Along with wealth inequality, protests in Kazakhstan have also stemmed from issues surrounding political expression. Work by Serik Beisembaev — a Kazakhstani sociologist — found that mass protests tend to happen in the areas where protest votes were observed in 2019, namely Almaty and the country’s south and west more broadly. Without legitimate opportunities and levers for political expression in Kazakhstan — where no vote has ever been recognized as fully democratic by the Organization for Security and Co-operation in Europe — it is also unlikely that this source of discontent will dissipate. According to Beisembaev, Kazakhstan does not have the resources for continued repression, and the violent responses to protests by security forces may only further mobilize Kazakhstani citizens in the near future. Although the 2011 violence against protesters did not lead to an immediate response in the form of demonstrations, the death toll in the recent clashes has been much higher, and the circumstances surrounding the unrest even more nebulous. These factors together will likely foment further mass protest activity in the medium term, if not the near term.
AN ACTIVATED ALLIANCE
On January 11, Tokayev announced that the CSTO peacekeepers would leave within 10 days. In the CSTO’s three decades of existence, this incursion marks the first time that the military alliance has acceded to a request to intervene militarily in support of an ally; earlier requests by other members were rejected. Although various legal explanations were given in both cases, it was widely understood that Moscow was generally disinclined to intervene.
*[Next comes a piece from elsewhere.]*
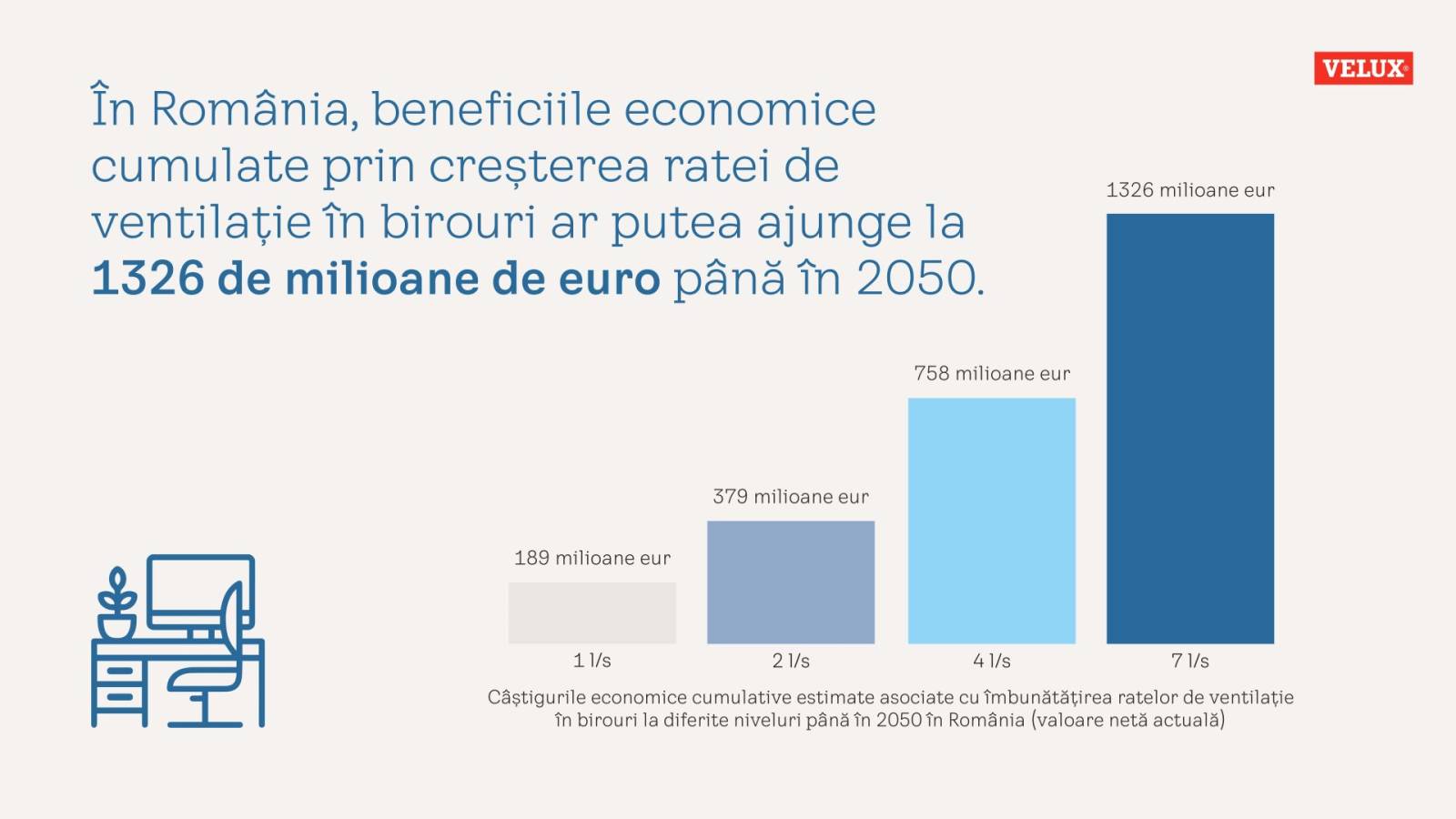 Potrivit studiului VELUX, reducerea riscurilor climatice la interior prin renovarea corespunzătoare a clădirilor ar genera economii totale de peste 6,3 miliarde euro pentru România până în 2050, astfel: 801 milioane euro la cheltuielile cu asistența medicală, 425 milioane euro la sănătate și productivitate, 2,4 miliarde de euro pentru școli și 1,3 miliarde de euro, respectiv 1,4 miliarde de euro pentru birouri, datorită productivității crescute în imobile mai bine ventilate și cu mai multă lumină naturală.

Accordingly, the quick response to Kazakhstan’s appeal, without apparent proof of the involvement of external forces, indicates a fundamental shift in this approach. The CSTO may continue to send peacekeepers should future unrest continue in the country. However, it is unlikely that the bloc’s more explicitly military rapid response force would be deployed in lieu of peacekeepers.
In a repeat scenario, Tokayev could likely count on CSTO help once more. However, Tokayev’s appeal to the Russia-led alliance means that while Tokayev may be attempting to systematically strengthen his control over domestic governance vis-a-vis Nazarbayev, he is simultaneously increasing Kazakhstan’s dependence on its powerful neighbor. This dependence — especially if calls for CSTO help continue — may erode the legitimacy of Tokayev’s leadership in the eyes of the Kazakhstani populace. Nevertheless, the precedent set by the CSTO intervention could temporarily bolster authorities in the face of future protests and deter some would-be demonstrators. If Tokayev fails to establish control over the security apparatus, he will be more likely to ignore the associated costs and once more invoke the alliance’s aid. With the true impact of announced reforms and changes as yet unclear, Tokayev’s attempt to consolidate power in Kazakhstan may be marred by increasing reliance on Russia and large-scale demonstrations from a still dissatisfied populace.